Личный опыт

«Этот дебил — твой брат?» Откровения молодого парня, который все детство провел с аутистом. Как жить с таким человеком и почему он его возненавидел?

Мой брат — аутист, он младше меня на четыре года. Живем мы с мамой — отец ушел, когда Диме исполнилось три. Родители, как принято говорить, не сошлись характерами, но на самом деле я думаю, папа не выдержал того, что впоследствии пытался выдержать я. Кстати, он не общается не только с Димой, но и со мной, хотя я не понимаю, при чем тут я. Знаю, что у отца есть новая семья и другие дети, но не считаю, что это оправдывает его нежелание интересоваться жизнью хотя бы одного из своих сыновей.

Дима родился физически нормальным, доношенным, но говорить и ходить, со слов мамы, стал поздно. Я помню, как он по сто раз бессмысленно повторял фразы, какие услышал от взрослых: меня это раздражало, мне хотелось сказать: «Да хватит уже!» Но я чувствовал, что для мамы мой брат на первом месте — она переживала, что он задерживается в развитии, не умеет общаться со взрослыми и с другими детьми. Я любил маму, добивался ее внимания, тогда как Дима не проявлял к ней никаких чувств.

С ним было невозможно поиграть — он постоянно сидел один, складывал кубики, выстраивал в ряд машинки, всегда сосредоточенно и молча. Если я пытался тронуть машинку, он поднимал такой крик, что дрожали стены, буквально впадал в истерику. Я надеялся, что его отдадут в детский сад; мама так и сделала, но, к сожалению, из этого ничего не вышло.
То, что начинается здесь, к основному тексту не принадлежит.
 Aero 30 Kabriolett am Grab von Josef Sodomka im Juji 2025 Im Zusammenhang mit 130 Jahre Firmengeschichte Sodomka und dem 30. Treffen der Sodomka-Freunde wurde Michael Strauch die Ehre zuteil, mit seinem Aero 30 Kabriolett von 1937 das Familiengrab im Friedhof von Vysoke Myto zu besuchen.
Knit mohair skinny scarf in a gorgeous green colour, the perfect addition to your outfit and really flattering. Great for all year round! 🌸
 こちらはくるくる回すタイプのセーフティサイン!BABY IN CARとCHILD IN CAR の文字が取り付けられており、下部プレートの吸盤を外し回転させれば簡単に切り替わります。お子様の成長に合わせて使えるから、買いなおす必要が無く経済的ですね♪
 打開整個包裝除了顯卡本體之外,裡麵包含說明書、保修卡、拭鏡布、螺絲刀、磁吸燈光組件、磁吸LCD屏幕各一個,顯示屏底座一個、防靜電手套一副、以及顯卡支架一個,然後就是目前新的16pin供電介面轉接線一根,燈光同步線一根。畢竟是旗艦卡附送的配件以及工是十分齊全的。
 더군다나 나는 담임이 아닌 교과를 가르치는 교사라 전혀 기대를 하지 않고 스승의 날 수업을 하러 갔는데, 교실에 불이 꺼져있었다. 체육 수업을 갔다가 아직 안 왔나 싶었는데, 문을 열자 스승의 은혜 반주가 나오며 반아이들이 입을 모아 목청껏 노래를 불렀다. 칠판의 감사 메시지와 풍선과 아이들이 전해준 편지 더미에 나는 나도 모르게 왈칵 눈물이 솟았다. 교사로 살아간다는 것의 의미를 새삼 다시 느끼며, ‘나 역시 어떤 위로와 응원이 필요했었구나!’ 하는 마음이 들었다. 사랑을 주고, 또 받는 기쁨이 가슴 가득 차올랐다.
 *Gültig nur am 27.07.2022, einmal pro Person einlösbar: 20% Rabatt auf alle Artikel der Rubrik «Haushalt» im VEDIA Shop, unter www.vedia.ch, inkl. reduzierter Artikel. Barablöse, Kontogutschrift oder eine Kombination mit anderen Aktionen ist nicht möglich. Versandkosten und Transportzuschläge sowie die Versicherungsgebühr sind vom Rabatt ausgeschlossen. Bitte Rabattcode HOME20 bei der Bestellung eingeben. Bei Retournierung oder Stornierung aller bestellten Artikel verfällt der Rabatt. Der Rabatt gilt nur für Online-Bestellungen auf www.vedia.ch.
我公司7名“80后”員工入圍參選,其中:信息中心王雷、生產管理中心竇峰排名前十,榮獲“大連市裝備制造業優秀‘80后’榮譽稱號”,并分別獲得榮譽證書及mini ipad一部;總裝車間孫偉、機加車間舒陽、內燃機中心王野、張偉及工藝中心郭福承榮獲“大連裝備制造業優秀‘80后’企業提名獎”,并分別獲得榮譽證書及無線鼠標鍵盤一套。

Дима или кричал и бросался на детей, или забивался в угол, и его было невозможно оттуда вытащить. То же было и на детских днях рождениях и праздниках, куда его очень скоро перестали приглашать.

В результате мама забрала его из сада и наняла специального человека. Каждый день Дима занимался с женщиной — опытным педагогом. В то время я еще не знал, какой диагноз ставили брату, но слышал, как Наталья Михайловна сказала маме, что случай не такой уж тяжелый, главное — правильно общаться с Димой. Она научила моего брата читать и писать и, как это смешно ни звучит, здороваться и прощаться, потому как он не обращал на тех людей, которые приходили в наш дом, ни малейшего внимания. Правда, как считал я, толку от этих «здравствуйте» и «до свидания» не было никакого, потому что те, кому Дима это говорил, все равно оставались для него пустым местом.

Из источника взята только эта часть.